> What the task requires
Copy out exactly the lines from the one containing "液壓張緊,無論是螺栓張緊器還" to the last line of the records below, both included, and leave out any pictures.
□ □ □ □ □ □ □
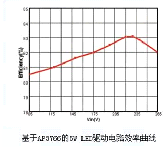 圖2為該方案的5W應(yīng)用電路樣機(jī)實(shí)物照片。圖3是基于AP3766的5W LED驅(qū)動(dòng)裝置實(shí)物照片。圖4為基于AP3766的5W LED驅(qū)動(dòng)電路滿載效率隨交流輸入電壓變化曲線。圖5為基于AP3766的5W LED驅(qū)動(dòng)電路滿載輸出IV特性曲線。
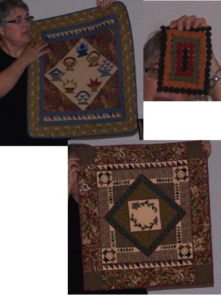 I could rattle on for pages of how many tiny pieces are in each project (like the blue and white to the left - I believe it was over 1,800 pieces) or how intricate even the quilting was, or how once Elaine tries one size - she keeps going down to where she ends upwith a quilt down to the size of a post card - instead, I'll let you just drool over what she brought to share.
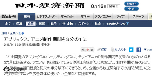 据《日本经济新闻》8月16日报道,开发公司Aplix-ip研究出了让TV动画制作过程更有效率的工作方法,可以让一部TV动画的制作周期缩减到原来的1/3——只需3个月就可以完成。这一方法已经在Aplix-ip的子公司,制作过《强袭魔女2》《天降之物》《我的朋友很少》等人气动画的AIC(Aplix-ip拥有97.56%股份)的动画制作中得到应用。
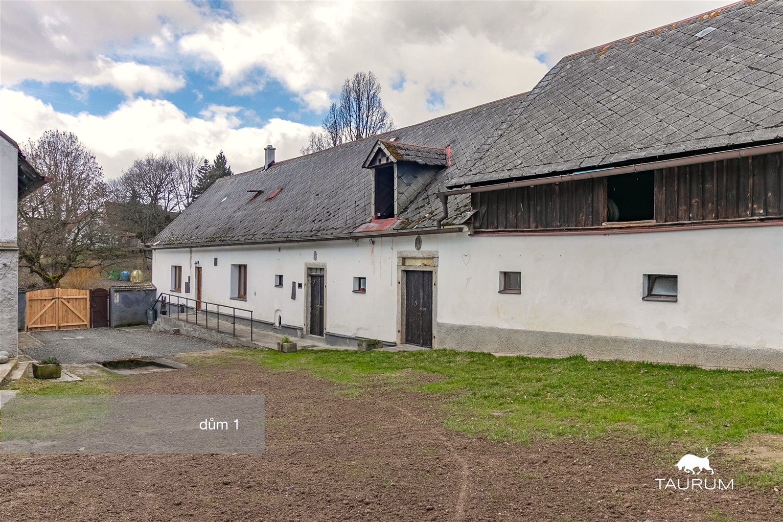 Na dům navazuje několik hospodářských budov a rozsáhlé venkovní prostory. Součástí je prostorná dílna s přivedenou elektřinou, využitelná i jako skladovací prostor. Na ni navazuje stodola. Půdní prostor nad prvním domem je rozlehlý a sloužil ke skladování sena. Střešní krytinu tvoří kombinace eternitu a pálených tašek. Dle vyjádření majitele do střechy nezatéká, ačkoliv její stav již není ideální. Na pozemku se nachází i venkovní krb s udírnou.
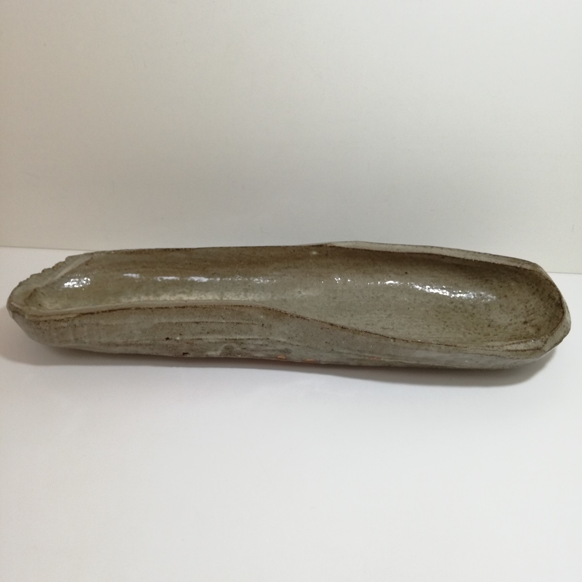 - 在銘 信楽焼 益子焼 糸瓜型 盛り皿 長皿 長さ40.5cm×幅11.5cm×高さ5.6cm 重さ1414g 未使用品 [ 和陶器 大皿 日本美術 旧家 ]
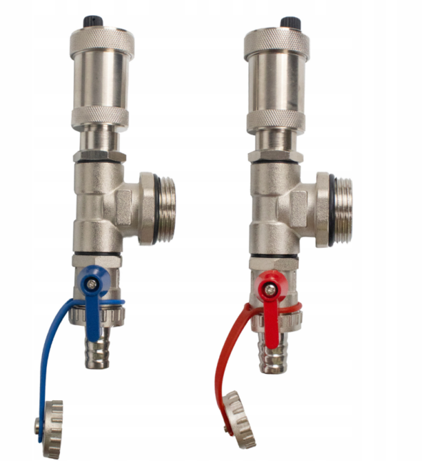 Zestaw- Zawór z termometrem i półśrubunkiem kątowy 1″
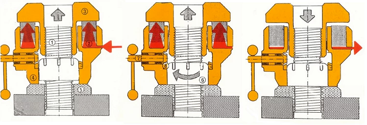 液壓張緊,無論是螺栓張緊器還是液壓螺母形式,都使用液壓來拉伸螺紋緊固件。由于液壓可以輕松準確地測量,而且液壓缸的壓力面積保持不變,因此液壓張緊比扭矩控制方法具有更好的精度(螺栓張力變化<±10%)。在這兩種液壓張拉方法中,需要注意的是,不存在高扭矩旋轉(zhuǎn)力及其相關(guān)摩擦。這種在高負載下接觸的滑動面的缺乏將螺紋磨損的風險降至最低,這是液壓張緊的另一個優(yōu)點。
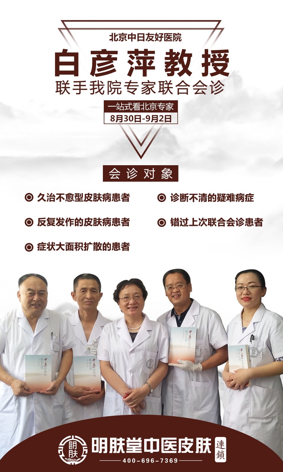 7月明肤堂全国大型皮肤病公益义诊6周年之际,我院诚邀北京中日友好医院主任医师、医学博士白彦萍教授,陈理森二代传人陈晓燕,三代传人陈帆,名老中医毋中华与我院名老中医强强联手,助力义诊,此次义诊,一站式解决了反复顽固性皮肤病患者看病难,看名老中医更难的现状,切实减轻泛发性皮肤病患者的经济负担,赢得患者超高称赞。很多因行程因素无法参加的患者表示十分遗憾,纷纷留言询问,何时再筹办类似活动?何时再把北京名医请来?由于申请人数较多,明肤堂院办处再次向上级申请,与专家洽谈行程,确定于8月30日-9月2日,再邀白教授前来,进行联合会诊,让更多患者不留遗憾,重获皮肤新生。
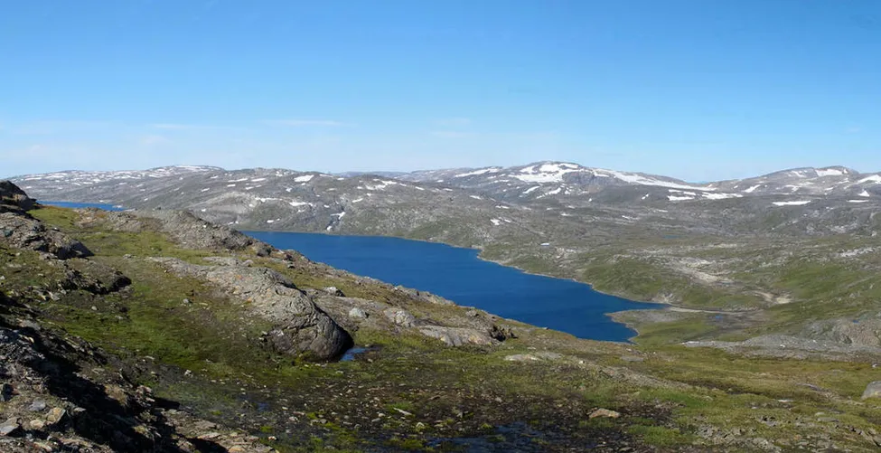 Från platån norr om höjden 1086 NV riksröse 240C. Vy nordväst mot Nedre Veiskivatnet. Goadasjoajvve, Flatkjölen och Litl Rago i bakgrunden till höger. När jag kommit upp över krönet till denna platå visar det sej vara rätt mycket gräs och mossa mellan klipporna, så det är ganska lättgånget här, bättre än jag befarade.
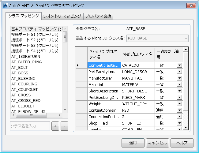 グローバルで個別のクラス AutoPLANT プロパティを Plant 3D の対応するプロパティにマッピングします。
□ □ □ □ □ □ □
> Your response
 液壓張緊,無論是螺栓張緊器還是液壓螺母形式,都使用液壓來拉伸螺紋緊固件。由于液壓可以輕松準確地測量,而且液壓缸的壓力面積保持不變,因此液壓張緊比扭矩控制方法具有更好的精度(螺栓張力變化<±10%)。在這兩種液壓張拉方法中,需要注意的是,不存在高扭矩旋轉(zhuǎn)力及其相關(guān)摩擦。這種在高負載下接觸的滑動面的缺乏將螺紋磨損的風險降至最低,這是液壓張緊的另一個優(yōu)點。
 7月明肤堂全国大型皮肤病公益义诊6周年之际,我院诚邀北京中日友好医院主任医师、医学博士白彦萍教授,陈理森二代传人陈晓燕,三代传人陈帆,名老中医毋中华与我院名老中医强强联手,助力义诊,此次义诊,一站式解决了反复顽固性皮肤病患者看病难,看名老中医更难的现状,切实减轻泛发性皮肤病患者的经济负担,赢得患者超高称赞。很多因行程因素无法参加的患者表示十分遗憾,纷纷留言询问,何时再筹办类似活动?何时再把北京名医请来?由于申请人数较多,明肤堂院办处再次向上级申请,与专家洽谈行程,确定于8月30日-9月2日,再邀白教授前来,进行联合会诊,让更多患者不留遗憾,重获皮肤新生。
 Från platån norr om höjden 1086 NV riksröse 240C. Vy nordväst mot Nedre Veiskivatnet. Goadasjoajvve, Flatkjölen och Litl Rago i bakgrunden till höger. När jag kommit upp över krönet till denna platå visar det sej vara rätt mycket gräs och mossa mellan klipporna, så det är ganska lättgånget här, bättre än jag befarade.
 グローバルで個別のクラス AutoPLANT プロパティを Plant 3D の対応するプロパティにマッピングします。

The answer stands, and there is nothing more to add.